Monday, 13 March 2017

DSPP Experiment 4 : Overlap Add and Overlap Save Methods

OAM method involves decomposing the input signal and performing linear convolution on each of them individually. The decomposed outputs are then concatenated together. The value of N chosen is generally a power of 2.
Overlap Add Method
OSM method involves decomposing of input. But in this method, we divide the output signals and find the resultant as opposed to dividing the input signals in OAM and perform zero padding to modify the input signal x[n] and zero padding to h[n]. 


OAM and OSM are Block Processing Techniques and are suitable for real time signal processing.

Image source : Wikipedia

DSPP Experiment 3 : Fast Fourier Transform

In today's world, real time processing of signals is required, be it in stock markets or industrial applications, where even a difference of a seconds can lead to losses in millions. Hence, using conventional DFT algorithm is not feasible and Fast Fourier Transform was developed by two friends Cooley and Tukey in 1965. 

We studied implementing FFT using Radix-2 Decimation In Time Fast Fourier Transform(DITFFT) algorithm. The signal is decimated in time domain which helps to reduce the number of complex calculations. This, in turn increases the speed of processing. The order of the inputs and outputs are in a bit reversed manner. 

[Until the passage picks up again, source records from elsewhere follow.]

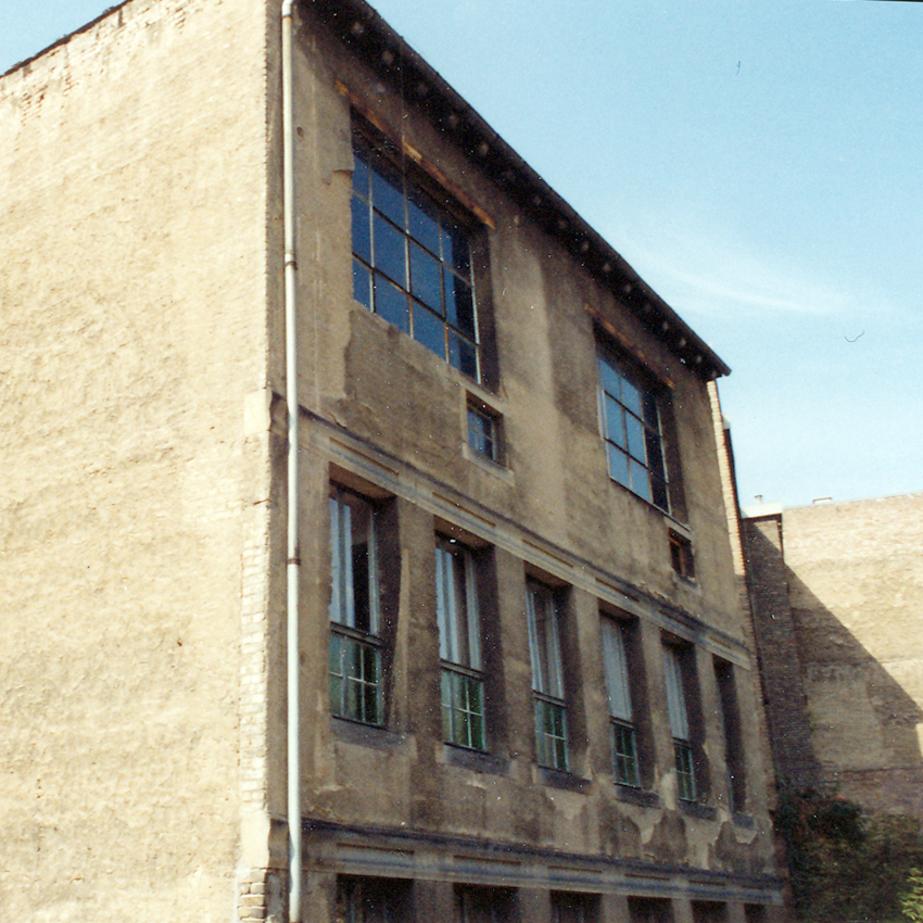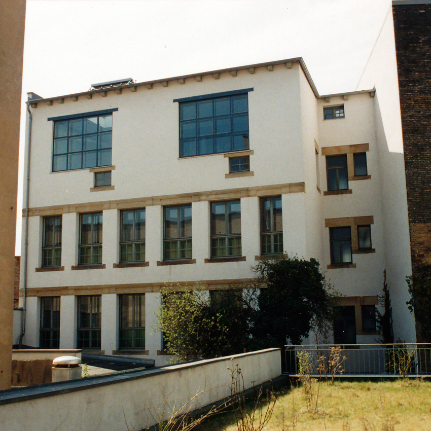 Während die Fassade zum Leopoldplatz noch an ein Wohnhaus denken lässt, ist hier die geplante Nutzung als Büro- und Ateliergebäude deutlich ablesbar mit großen, deckenhohen Fenstern für die damaligen Zeichensäle im 1. und 2.OG und zweigeschossigen Atelierfenstern im 3.OG.
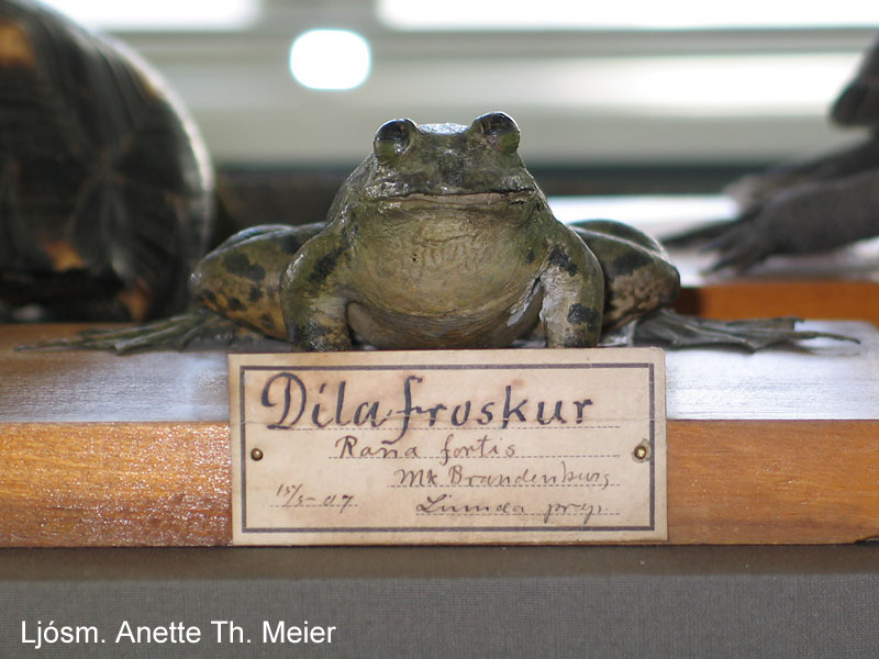 Á sýningunni er að finna fjöldann allan af gripum úr sögu safnsins, m.a. þennan dílafrosk. Ljósm. Anette Th. Meier.
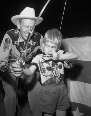Image shows Jeff Jarvis, 5, gets the feel of a bow and arrow under the watchful eyes of Jim Lynch, archery marksman and a star of the show. Jeff was one of five children who attended the show from the City-County Hospital polio recovery ward. Published in Fort Worth Star-Telegram morning edition April 12, 1950.
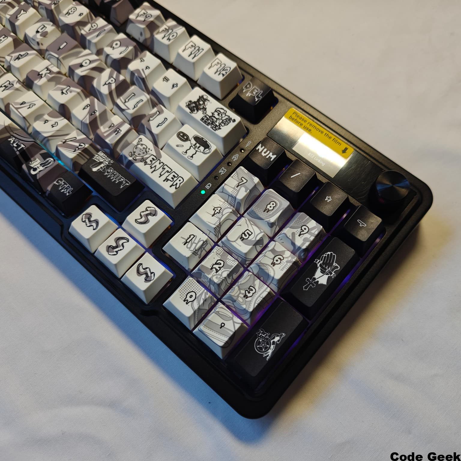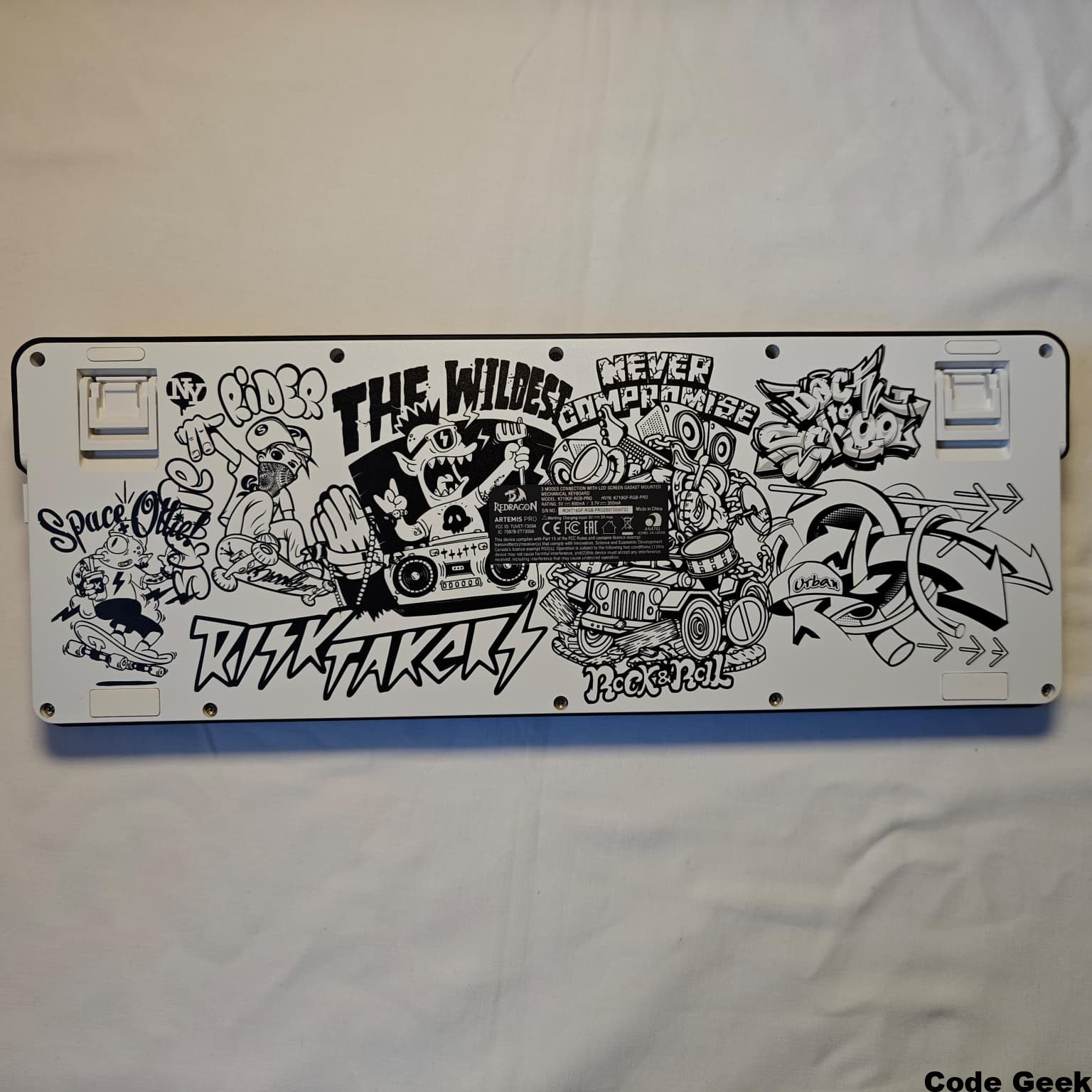 El primer impacto con el Redragon ARTEMIS K719 PRO es visual. La técnica de impresión Dual UV de precisión aplicada sobre el chasis no es un simple estampado, sino un tratamiento que garantiza una durabilidad excepcional. Los vibrantes grafitis y diseños urbanos que decoran la carcasa prometen resistir el desgaste diario, el roce de las manos y el paso del tiempo, manteniendo sus colores vivos y sus trazos definidos. Este enfoque convierte al teclado en una pieza central para cualquier setup, rompiendo con la monotonía de los colores sólidos y ofreciendo una personalidad única desde el primer momento.
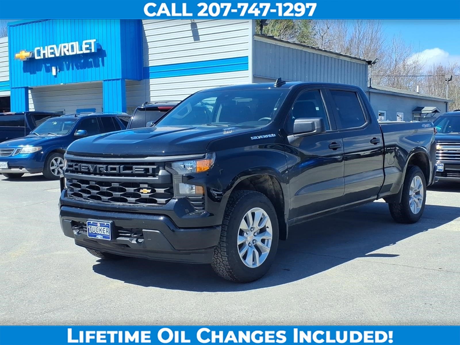 This new 2026 Chevrolet Silverado 1500 Custom is listed at $43,582 by tucker chevrolet in Waldoboro, ME 04572. The exterior color is Black. It features a 4WD drivetrain with a 2.7L I4 engine and Automatic transmission.
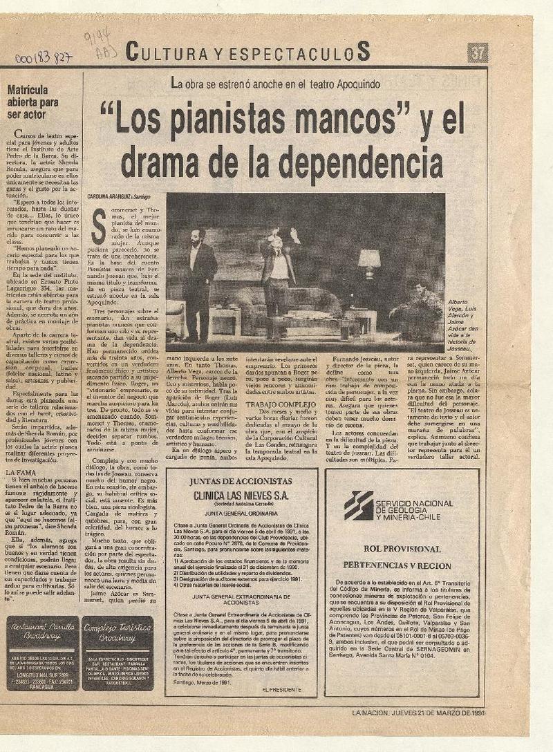 "Los pianistas mancos" y el drama de la dependencia [artículo] Carolina Aránguiz.

For example, when N=4; while DFT takes 240 real additions and 256 real multiplications, the numbers in FFT are reduced to 16 and 48 respectively!!

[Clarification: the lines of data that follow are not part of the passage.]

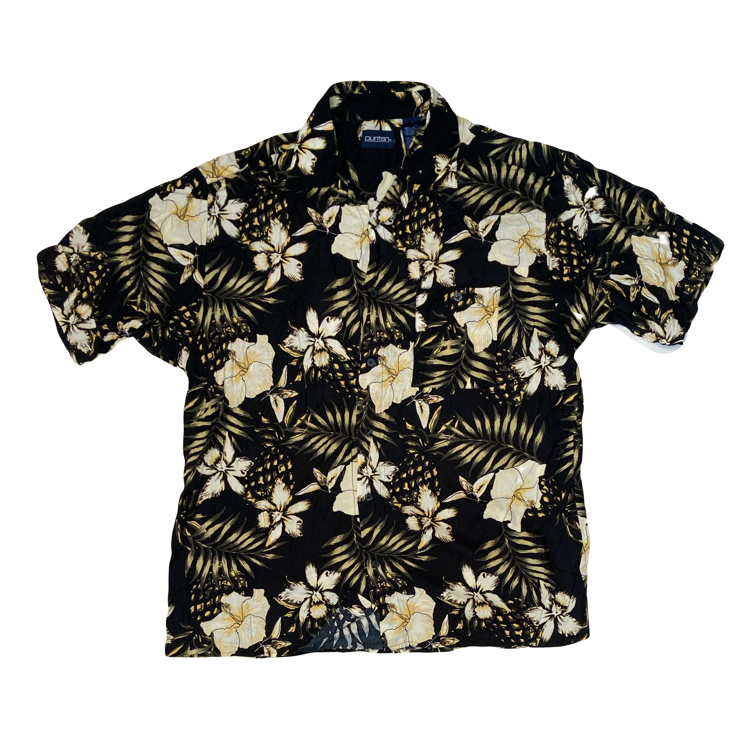 Vintage Y2K black magnolia hibiscus pattern rayon Hawaiian shirt size large by Puritan
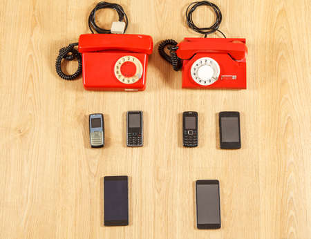 set of various old phones and modern smartphones on yellow wooden background. conceptual photo
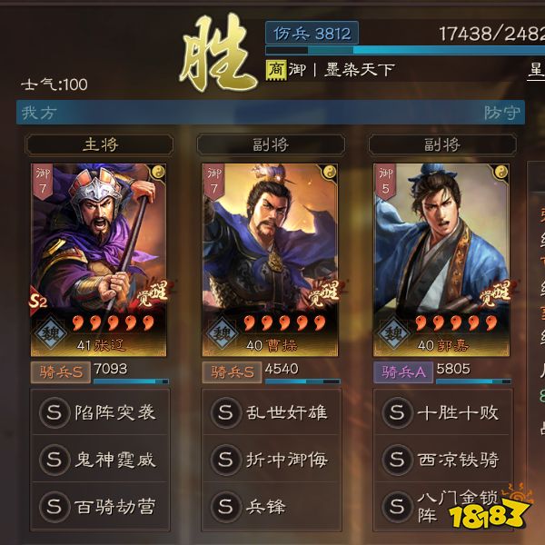 首先魏国郭嘉是最适合张辽的辅助武将,没有之一。十胜十败前两回合的洞察完美解决盛气凌敌的缴械效果,百分之50减伤是张辽输出的保障(武将伤害是按兵力来算的,兵力越多伤害越高),没有郭嘉不建议玩张辽。前面已经说过了张辽是可以作为单核输出的,曹操可为张辽提供30%的增伤,兵锋触发给到张辽,张辽直接起飞。折冲御侮保护张辽降对面双防没什么好说的,西凉铁骑是核心战法,以张辽的速度加上郭嘉前两回合的保护,前3回合张辽可以放肆输出直接秒杀对面主将,锋矢阵进一步增加张辽伤害,兵书推荐一鼓作气加胜战把爆发做到极致。
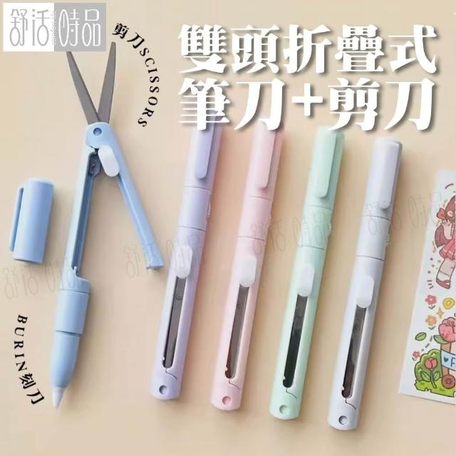 摺疊剪刀 剪刀 筆刀 刻刀 莫蘭迪按壓筆刀 切割筆刀 雕刻刀 手帳筆刀 筆型刀【舒活時品】
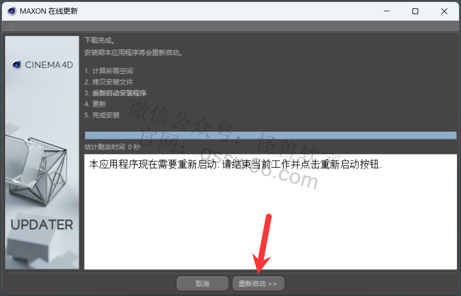 29,点击“重新启动”,安装更新包完成
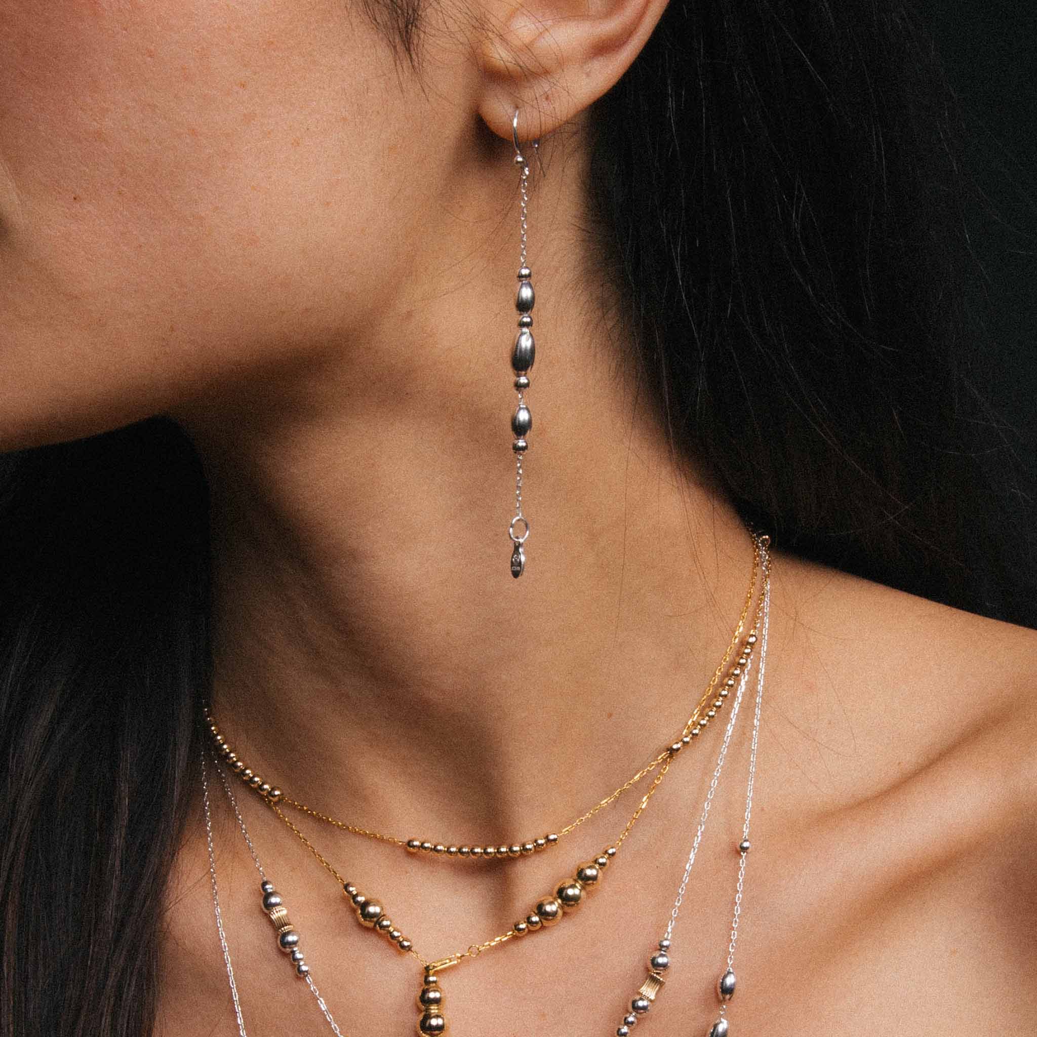 Linear Drops of our Adjustable Alchemy Beads. Slider beads allow you to space and group the precious metal beads exactly where you want them—adjustable to your style.
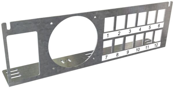for 12 Keystone modules (19.4 mm cutout) or R&M Snap-in modules, 1 cutout UP Gr. 1 and 1 FLF, empty, stainless steel

Thus, FFT is faster, efficient and more easily realizable at higher values of N.

DSPP Experiment 2 : Discrete Fourier Transform

Discrete Fourier Transform (DFT) is the sampled form of DTFT(Discrete Time Fourier Transform).

It was realized on plotting the magnitude spectrum, that on appending zeros at the end of the input signal, gives us a better spectrum, on which
1. Reduces error
2. Frequency spacing decreases 
3. Spectrum resolution increases. If we expand the original time domain signal, the DFT output gets compressed and vice versa.

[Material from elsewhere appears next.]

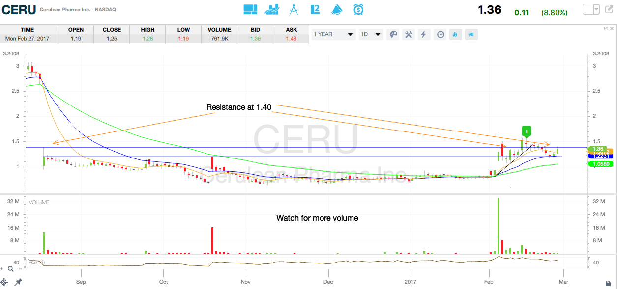 CERU - Watching to break past 1.40. Resistance and a previous high 3 times now in the past 6 months. If it can break past $1.40 and hold support over that, it'll have room to trade till $2.00 - $2.10 Id sure like to see more volume push it up. Notice it has traded past $1.04 seven days this month but hasn't been able to hold it Gains and stay above. It'll either crash or breakout. Can only go one way and the direction is soon to be determined. KEEP ON WATCH
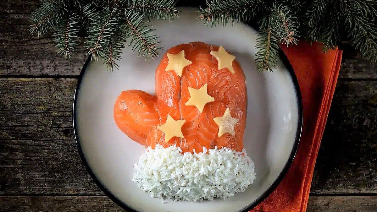 Отличный новогодний салат поражает своим оригинальным видом и невероятно нежным сочетанием ингредиентов. Идеально подходит для новогодних праздников. Ингредиенты ниже, в комментариях. Время приготовления: 60 мин. Пошаговый рецепт: Варежка Деда Мороза - Вкусный салат на Новый Год: ШАГ 1: Отварите рис. Яйца отварите вкрутую в течение 10 минут, дайте им остыть и очистите. ШАГ 2: Крабовые палочки и яйца натрите на крупной терке. Отложите часть яичного белка для украшения. ШАГ 3: Огурец очистите и нарежьте небольшими кусочками. Смешайте рис с небольшим количеством майонеза. ШАГ 4: Выложите салат на салатницу в форме варежки. ШАГ 5: Сначала выложите рис, затем огурцы, крабовые палочки и яйца. Наносите сеточку майонеза после каждого слоя. ШАГ 6: Поверх салата выложите тонко нарезанный лосось. Сверху добавьте яичный белок, который вы отложили и украсьте салат сырными звездочками. Приятного аппетита и прекрасного настроения! Друзья, ставьте лайк👍 и подписывайтесь на канал😍, чтобы не пропусти

To perform DFT, we need to perform [4N(^2)] real multiplications and [4N(^2) - 2N] real additions. For N=4, these values are 240 and 256 respectively. Thus, DFT requires a lot of mathematical computation which renders it to be quite slow for practical applications. A better way is to use Fast Fourier Transform which we will look into in the third experiment. 

DSPP Experiment 1 : Convolution and Correlation Algorithms

Convolution involves finding output of a Linear Time Invariant system. Correlation provides degree of similarity between  two signals.
The user inputs the signals x(n) and h(n).

To find convolution, the length of the signals are calculated to be L and M respectively. Thus, the length of output signal is given by
1. L= N + M - 1 For linear convolution
2. L= Max(N, M) For circular convolution
3. L >= N + M - 1 For linear convolution by circular convolution

To find correlation, the output y(n) is an even signal i.e. y(n)=y(-n). 
1. If the input signals are delayed, the output does not change. 
2. If we try cross correlation of a signal with its delayed self, we get a result that is an advanced signal from the auto correlation output.